In this case, the goal is to store a path to the test_dir directory, that lives in the arbitrary hard-coded path in my system. An example of how to do this using both modules is:

# Construct the paths
# 1. Using the os module and os.path.join
ospath = os.path.join("c:\\", "dev", "sandbox-heath", "pathlib_test", "test_dir")
# 2. Using the pathlib module and pathlib.Path (and the overloaded "/")
plpath = pathlib.Path("c:\\") / "dev" / "sandbox-heath" / "pathlib_test" / "test_dir"

Many of the scripts I work with day-to-day deal with opening, manipulating and writing other files, so the os module is used a lot. Specifically, os.path.join, used to create a valid path from the variable number of path components (given as one or more arguments to the os.path.join method). It works great, but it’s a little verbose, especially as the number of path components gets larger.

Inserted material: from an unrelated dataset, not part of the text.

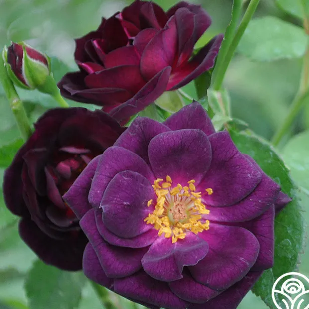 Midnight Blue™ is a nearly black, velvet purple 2 ½” rose with 25+ petals and a spice clove fragrance, like no other rose on the market. Despite being a Shrub, this compact rounded plant will lend itself to smaller spaces and enrich any landscape. Expect bright, green leaves that contrast nicely to the mysteriously colored flowers with showy, yellow stamens. Big clusters of blossoms will result in lots of color on this very popular continually blooming rose bush.
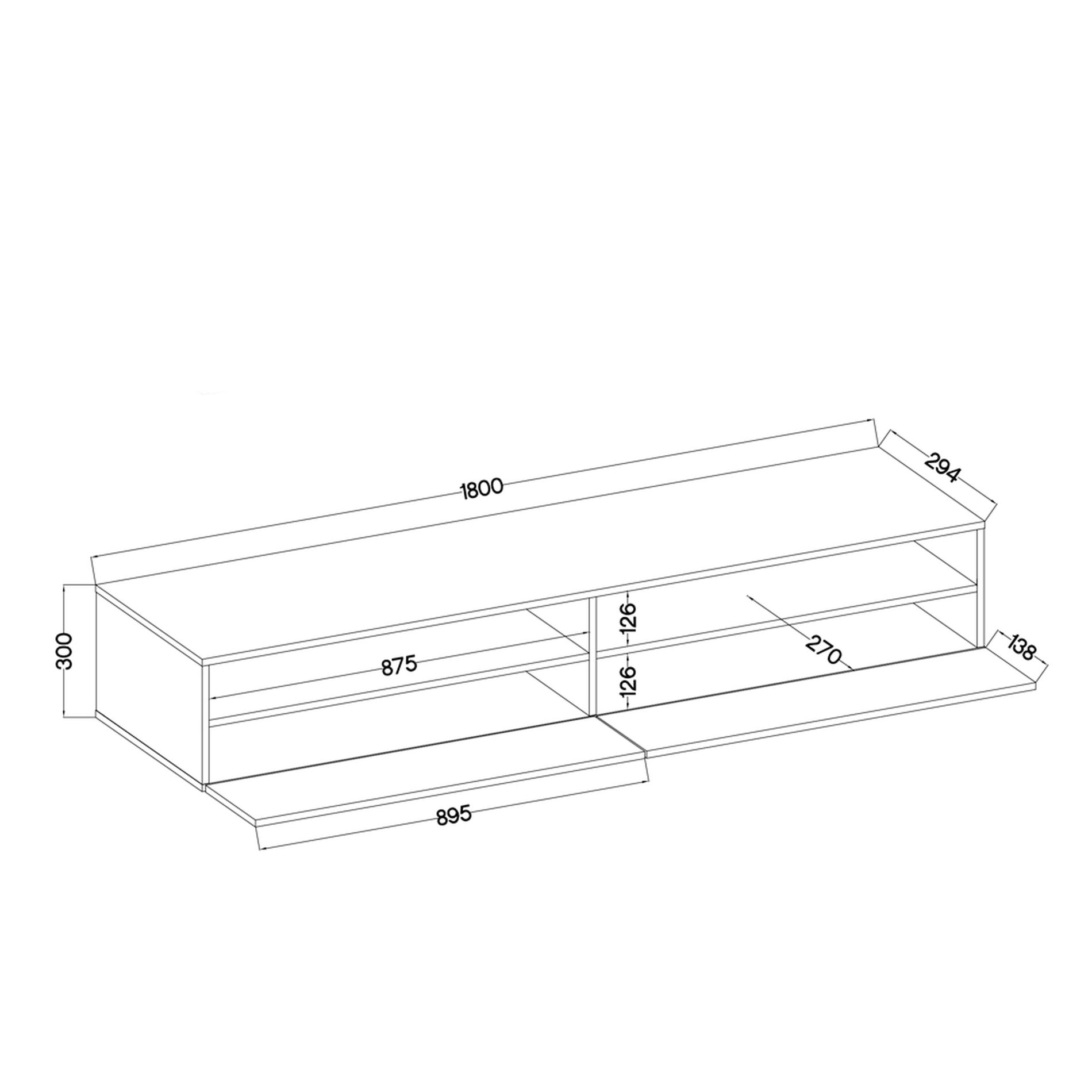 | Libellé | Meuble TV 180 cm chêne/noir brillant LED avec 2 compartiments REDNAW |

The / operator is implemented for Path objects, so might have noticed above, that path components can be joined using a / in the pathlib.Path version. I personally really like this syntax because of similarity to an actual file system path - mentally it feels easier to parse. I would be interested to hear what you think, especially if you haven’t seen it before.

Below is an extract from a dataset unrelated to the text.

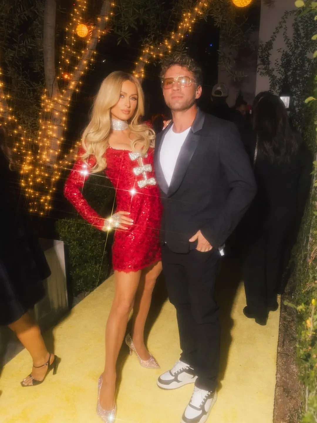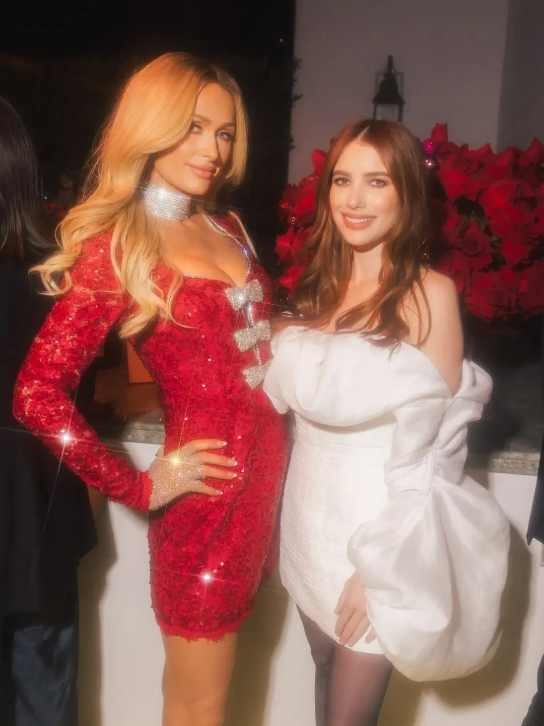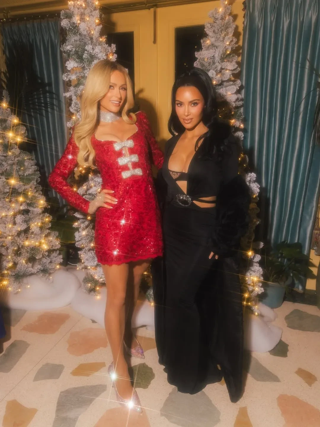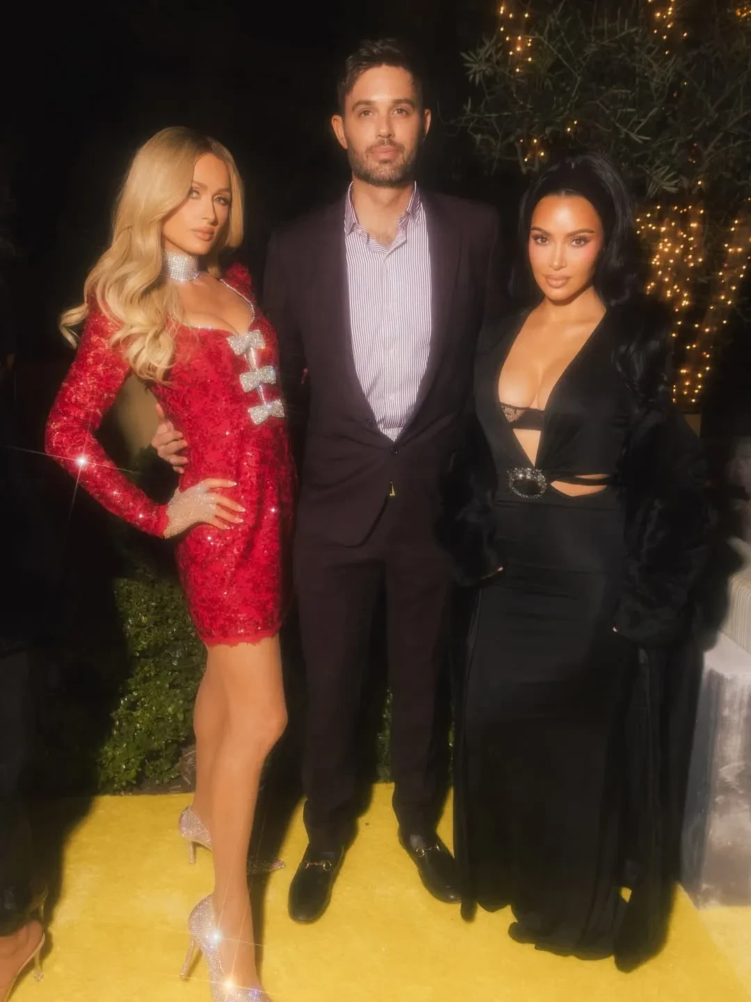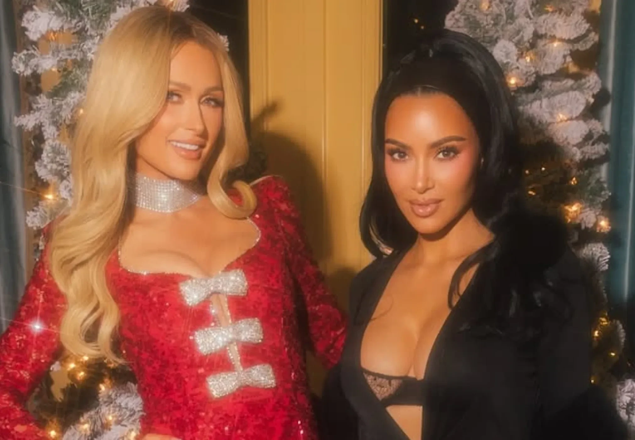 45-летняя Ким Кардашьян пришла в длинном чёрном платье с глубоким декольте, а 44-летняя Пэрис Хилтон позировала в красном мини-платье, дополнив образ блестящим чокером.

Iterating Over Directory Contents

Another super common pattern when working with the file system is iterating over files in a given directory. Here’s an example of how to do this using both modules:

# Loop over files in a directory
for f in os.listdir(ospath):
  full_path = os.path.join(ospath, f)
  print(F"Filename: {f}")
  print(F"Fullpath: {full_path}")
 
for f in plpath.iterdir():
  print(F"Filename: {f.name}")
  print(F"Fullpath: {f}")

The example above iterates over files in the directory, and prints the filename, along with the full path to the file - so both loops above output:

c:\dev\heath\pathlib_test>py -3.6 pathlib_test.py
Filename: a.dat
Fullpath: c:\dev\heath\pathlib_test\test_dir\a.dat
Filename: a.py
Fullpath: c:\dev\heath\pathlib_test\test_dir\a.py
Filename: b.dat
Fullpath: c:\dev\heath\pathlib_test\test_dir\b.dat
Filename: b.py
Fullpath: c:\dev\heath\pathlib_test\test_dir\b.py

Looping over the files in the directory is simple in both cases, however some of utility of the Path object is starting to show through - first we can iterate over the directory using the built-in iterdir() method and given that it is yielding Path objects itself, we can use this objects .name to print the name of the file, and it’s str representation to print the full path.

Often, there is a requirement to iterate only over a specific file type in a directory. An option for this using each method is given below:

# Looping over specific files (.py for example)
# 1. Using os module
for f in os.listdir(ospath):
  full_path = os.path.join(ospath, f)
  name, ext = os.path.splitext(f)
  if f.endswith(".py"):
    print(F"Found a python file: {f}")
    print(F"Name: {name}, Ext: {ext}")
    print(F"Fullpath: {full_path}")
 
# 2. Using pathlib module
for f in plpath.glob("*.py"):
  print(F"Found a python file: {f.name}")
  print(F"Name: {f.stem}, Ext: {f.suffix}")
  print(F"Fullpath: {f}")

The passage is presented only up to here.